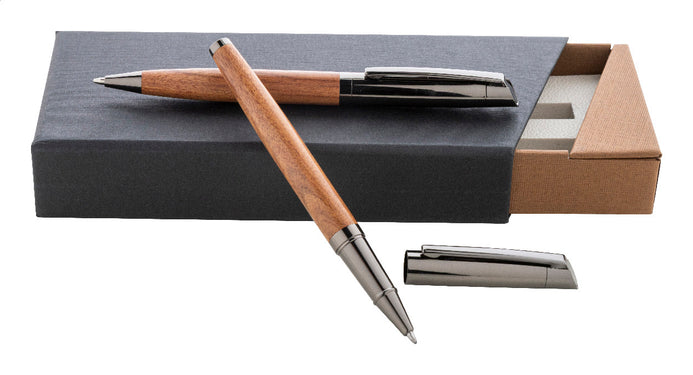 Set elegant de pix și roller din metal, cu corp din lemn și detalii metalice strălucitoare. În cutie cadou în două culori, cu mină albastră. Produs marca André Philippe.
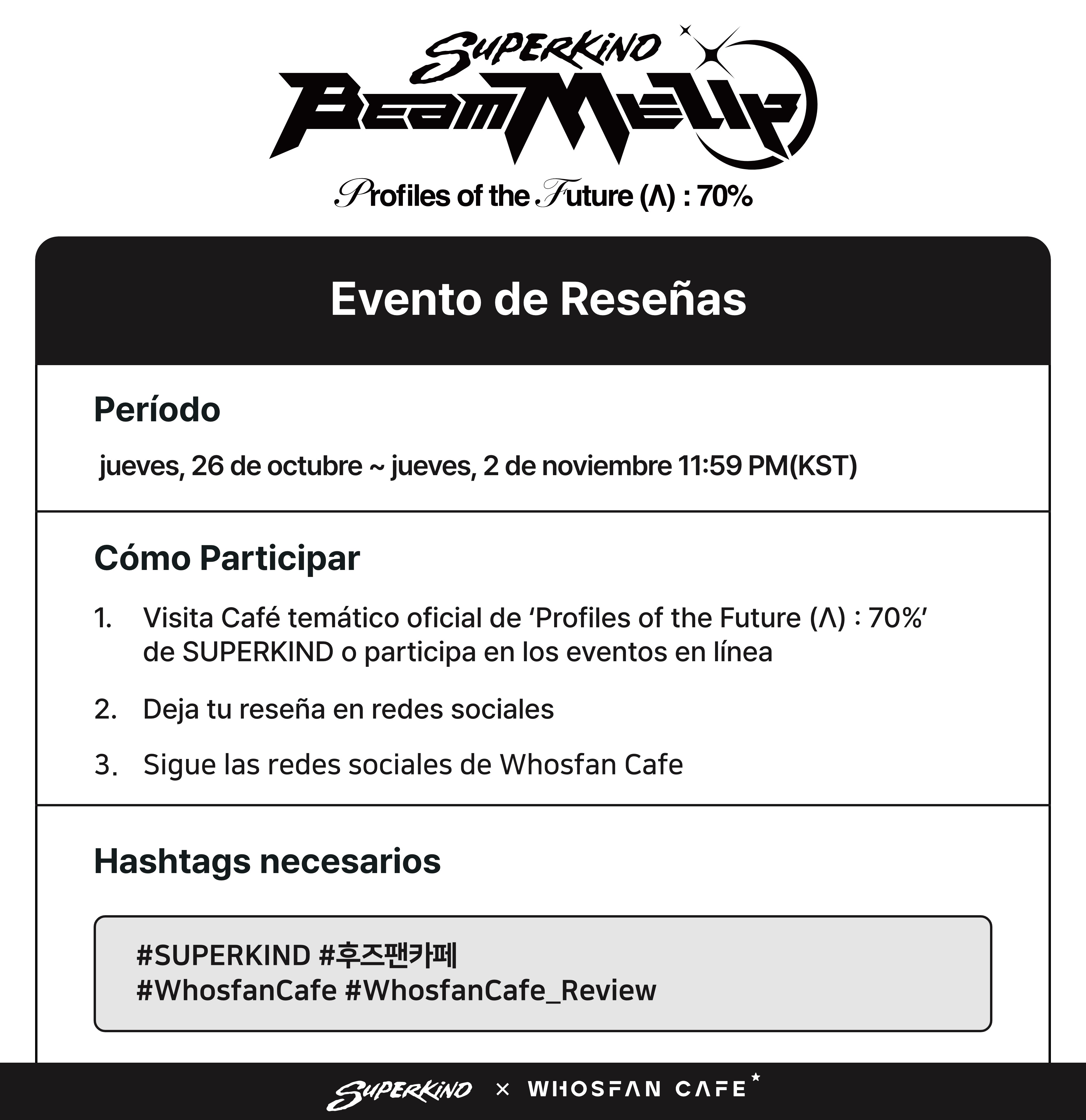 1. Visita Café temático oficial de 'Profiles of the Future (Λ) : 70%' de SUPERKIND y escribe una reseña en tus redes sociales
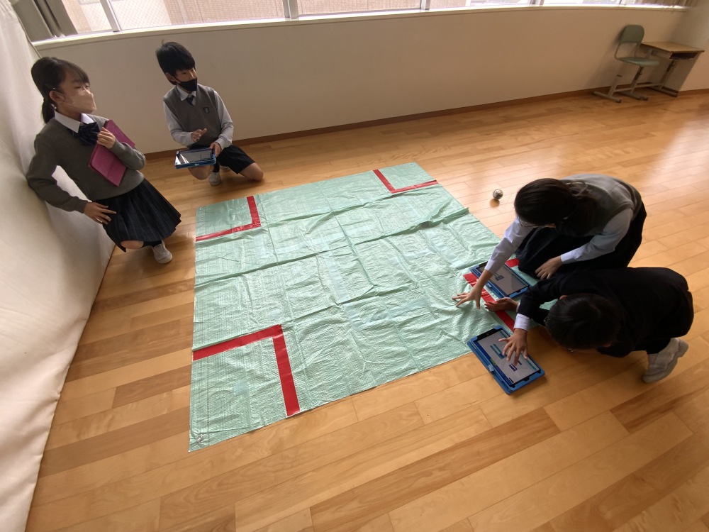 その後、シートの上の四隅を順に回っていくプログラミングをペアで考えて実行しました。
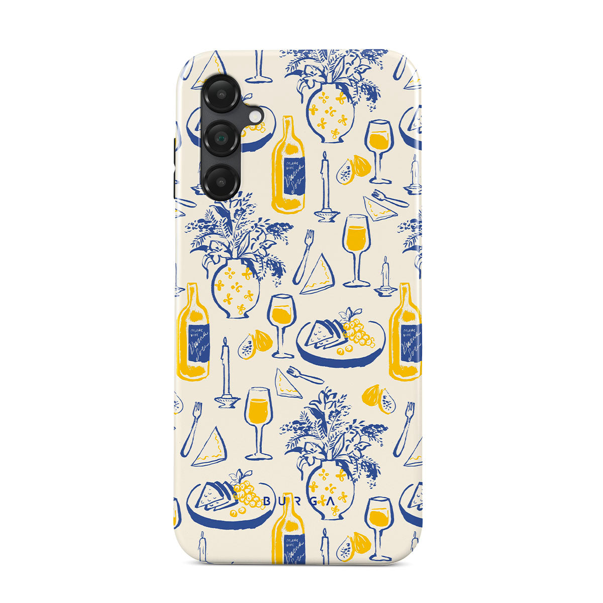このデザインの特徴:ワインボトル、花、チーズプラッター、キャンドル、カトラリー、レモネード
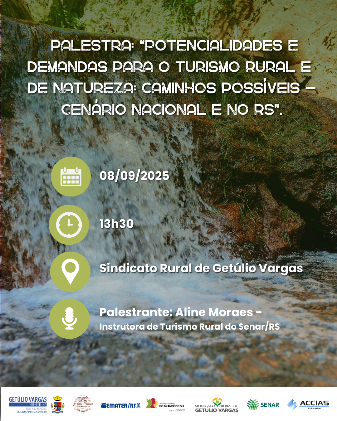 A Prefeitura de Getúlio Vargas, por meio da Secretaria de Desenvolvimento Econômico – Departamento de Turismo, a Accias, o Sindicato Rural, o Senar/RS e a Emater/Ascar, juntamente com o Roteiro Turístico Rural – Getúlio Vargas: Fé, Cultura e Tradição, realizam no dia 8 de setembro, às 13h30, no Sindicato Rural de Getúlio Vargas, a palestra “Potencialidades e demandas para o Turismo Rural e de Natureza: caminhos possíveis – Cenário nacional e no RS”.
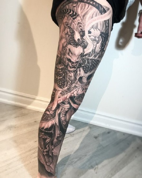 传统风格的霸气大花腿纹身作品欣赏
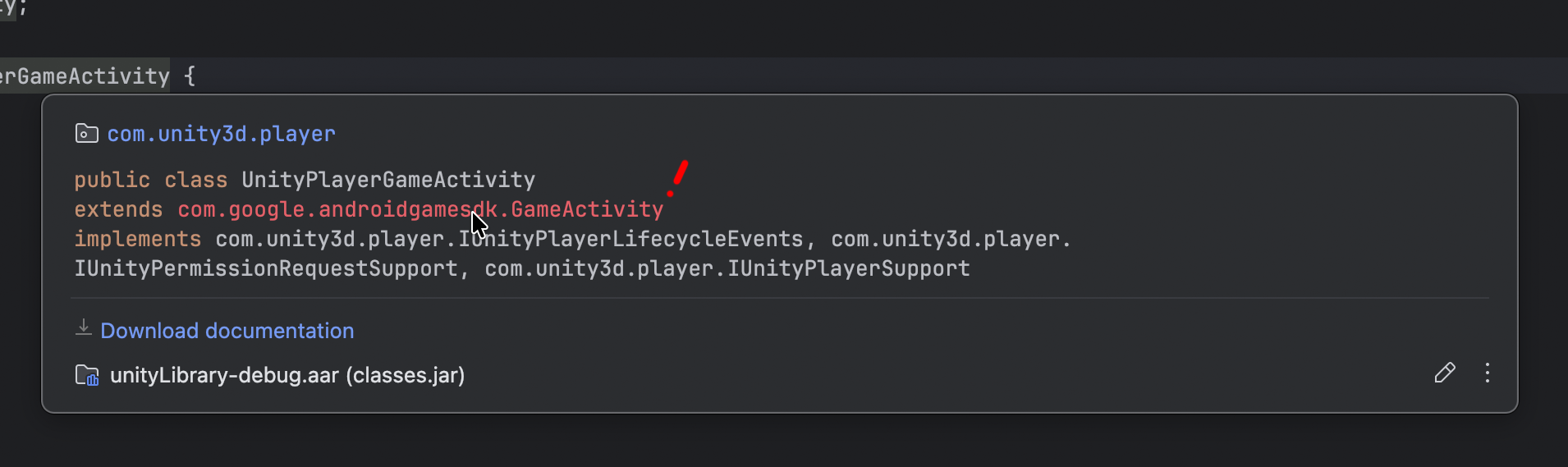 UnityPlayerGameActivity는 com.google.androidgamesdk.GameActivity를 상속받습니다.
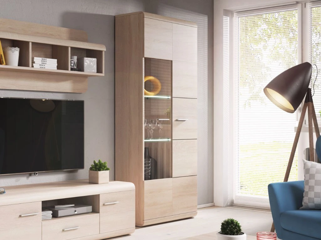 A LINK kollekcióba tartozó bútorokon már első látásra látszik, hogy minőségi bútor darabok. Minden elemük minőségi laminált 16 és 22 mm vastag bútorlapból (DTD) készül, amely ellenáll a karcolásoknak, a nedvességnek és magas hőmérsékletnek. A bútor lekerekített élekkel és 4 mm vastag üveg polcokkal rendelkezik. A bútorok ajtajain kemény biztonsági üveg található. A bútor szett darabjai sonoma tölgy színben készülnek 3D fa struktúrával. A kollekció több bútor elemből áll, amelyeket ízlése szerinte kombinálhat. A minőségi anyag, az időtálló dizájn és az elegáns kialakítás minden belső térbe életet lehelnek. A magas ellenálló képességének köszönhetően évekig áll majd az Ön szolgálatában.
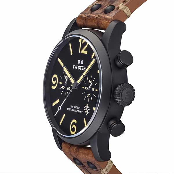 Men’s watch by TW Steel from the Maverick collection, with dial, black stainless steel case and brown leather strap
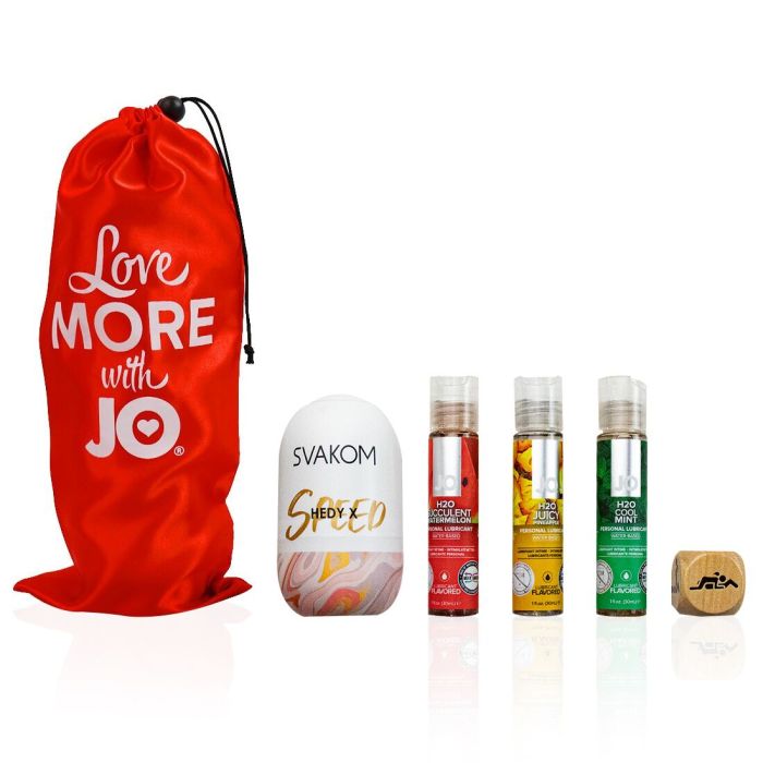 Упакований у фірмовий атласний мішечок червоного кольору System JO, набір стане шикарним подарунком з будь-якого приводу.
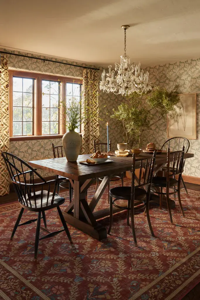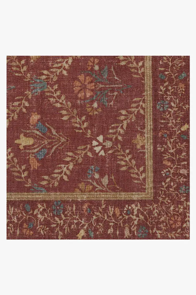 Gaze at the organic beauty of the Morris & Co. Bellflowers Amber Red Rug. Our interpretation of William Morris's famed carpet design from the late 1800s, this rug boasts a beautiful lattice vine design and delicate bouquets that evoke the promise of spring. A harmonious border of floral buds and leaves frames the design in intricate detail. Rich red grounds the design, while softened pops of coral, yellow, and blue make it sing. Water-resistant, stain-resistant, and machine-washable. Rug colors may vary slightly according to your device and the lighting in your space.
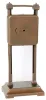 (1) the metal case appears to have some new paint, with some scratches The signed silvered dial has some scratches, too; the minute hand is detached and the seconds hand is absent. There is no ticking, and the hand setting knob is absent, so service will be needed, and the standing racks appear a bit bent. (Caution: The racks are spelter and easily broken.) (2) the doll is a replacement. Ht 14.5in
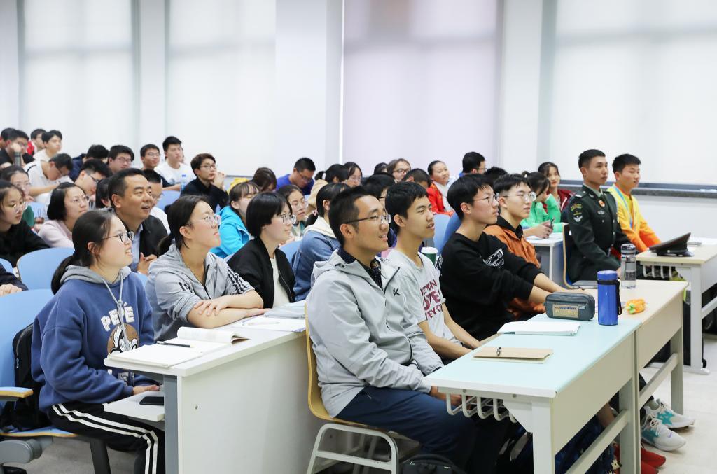 课上,掌声经久不断,新生们被学长学姐的故事深深感染,课后纷纷主动上前交流?!霸谡饨诳紊?,我感受到了身为北航学子的团结热情和爱国精神,这种牺牲小我、成就大我的无私奉献真的让我很感动。”守锷书院2019级学生林维滨这样说。“大家经受了国庆的洗礼,内心无比激动,想通过宣讲团这种方式把对祖国的热爱、对团体的忠诚表达出来,希望把积极向上的精神力量传递给更多的同学们?!甭粽庋樯茏约罕渭有餐诺某跣摹?/p>

------------------------------------------------------------

• **Task to carry out**: Everything in the records should be repeated exactly except the images.

• **Result of this exercise**:
 Set elegant de pix și roller din metal, cu corp din lemn și detalii metalice strălucitoare. În cutie cadou în două culori, cu mină albastră. Produs marca André Philippe.
 1. Visita Café temático oficial de 'Profiles of the Future (Λ) : 70%' de SUPERKIND y escribe una reseña en tus redes sociales
 その後、シートの上の四隅を順に回っていくプログラミングをペアで考えて実行しました。
このデザインの特徴:ワインボトル、花、チーズプラッター、キャンドル、カトラリー、レモネード
 A Prefeitura de Getúlio Vargas, por meio da Secretaria de Desenvolvimento Econômico – Departamento de Turismo, a Accias, o Sindicato Rural, o Senar/RS e a Emater/Ascar, juntamente com o Roteiro Turístico Rural – Getúlio Vargas: Fé, Cultura e Tradição, realizam no dia 8 de setembro, às 13h30, no Sindicato Rural de Getúlio Vargas, a palestra “Potencialidades e demandas para o Turismo Rural e de Natureza: caminhos possíveis – Cenário nacional e no RS”.
 传统风格的霸气大花腿纹身作品欣赏
 UnityPlayerGameActivity는 com.google.androidgamesdk.GameActivity를 상속받습니다.
 A LINK kollekcióba tartozó bútorokon már első látásra látszik, hogy minőségi bútor darabok. Minden elemük minőségi laminált 16 és 22 mm vastag bútorlapból (DTD) készül, amely ellenáll a karcolásoknak, a nedvességnek és magas hőmérsékletnek. A bútor lekerekített élekkel és 4 mm vastag üveg polcokkal rendelkezik. A bútorok ajtajain kemény biztonsági üveg található. A bútor szett darabjai sonoma tölgy színben készülnek 3D fa struktúrával. A kollekció több bútor elemből áll, amelyeket ízlése szerinte kombinálhat. A minőségi anyag, az időtálló dizájn és az elegáns kialakítás minden belső térbe életet lehelnek. A magas ellenálló képességének köszönhetően évekig áll majd az Ön szolgálatában.
 Men’s watch by TW Steel from the Maverick collection, with dial, black stainless steel case and brown leather strap
 Упакований у фірмовий атласний мішечок червоного кольору System JO, набір стане шикарним подарунком з будь-якого приводу.
 Gaze at the organic beauty of the Morris & Co. Bellflowers Amber Red Rug. Our interpretation of William Morris's famed carpet design from the late 1800s, this rug boasts a beautiful lattice vine design and delicate bouquets that evoke the promise of spring. A harmonious border of floral buds and leaves frames the design in intricate detail. Rich red grounds the design, while softened pops of coral, yellow, and blue make it sing. Water-resistant, stain-resistant, and machine-washable. Rug colors may vary slightly according to your device and the lighting in your space.
 (1) the metal case appears to have some new paint, with some scratches The signed silvered dial has some scratches, too; the minute hand is detached and the seconds hand is absent. There is no ticking, and the hand setting knob is absent, so service will be needed, and the standing racks appear a bit bent. (Caution: The racks are spelter and easily broken.) (2) the doll is a replacement. Ht 14.5in
 课上,掌声经久不断,新生们被学长学姐的故事深深感染,课后纷纷主动上前交流?!霸谡饨诳紊?,我感受到了身为北航学子的团结热情和爱国精神,这种牺牲小我、成就大我的无私奉献真的让我很感动。”守锷书院2019级学生林维滨这样说。“大家经受了国庆的洗礼,内心无比激动,想通过宣讲团这种方式把对祖国的热爱、对团体的忠诚表达出来,希望把积极向上的精神力量传递给更多的同学们?!甭粽庋樯茏约罕渭有餐诺某跣摹?/p>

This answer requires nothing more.